When an Expert Advisor uncovers a high-probability entry signal, such as with bitwise combinations in the last article, the question of how much capital to employ can be answered in a variety of ways. For most traders, the safest approach is to scale the position using cumulative volume flow (e.g., On-Balance Volume) over a dynamic window. This process, though, runs the risk of looking at just one bar's volume spike or even attempting to smooth it out with a basic moving average. This completely fails to capture the true distribution of that volume over a given lookback window. This presents some challenges in expressing the shape or topography of the momentum to the Expert Advisor. There can be a lack of structural context.

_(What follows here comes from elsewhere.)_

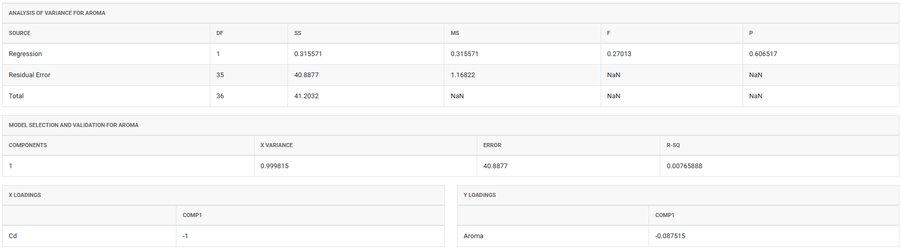 A wine producer seeks to understand how the chemical composition of their Pinot Noir wine influences its sensory evaluation. The dataset comprises 37 Pinot Noir samples, each characterized by concentrations of 17 elements (Cd, Mo, Mn, Ni, Cu, Al, Ba, Cr, Sr, Pb, B, Mg, Si, Na, Ca, P, K) and an aroma score assessed by a panel of judges. The objective is to develop a predictive model for the aroma score using the elemental concentrations. Additionally, the producer wants to include all the elemental concentrations as predictors, along with all two-way interactions involving cadmium (Cd). Given the relatively small sample size compared to the number of predictors, partial least squares (PLS) regression is chosen as the modeling approach. To evaluate this, performs the following steps:

In this article, we introduce a custom money management class with four Fenwick Tree modes. These are Linear, Conservative, Aggressive, and Mean-Reversion. Despite this assortment, eventual testing in a forward walk showed that relying only on the algorithm ratios without any spatial filter was unfruitful. A large volume spike can trigger aggressive volume scaling back which might be unwarranted in cases where these happen for instance at price exhaustion, where the RSI pivots. Safely navigating real volume spikes may require a paradigm shift: treating volume not as a flat metric but as a topographic structure. We need to structurally map cumulative volume in order to better apply the aforementioned four distinct lenses of our algorithm. This should happen while we use a spatial pattern spotter to better read the terrain in a non-linear manner to better gate our capital exposure.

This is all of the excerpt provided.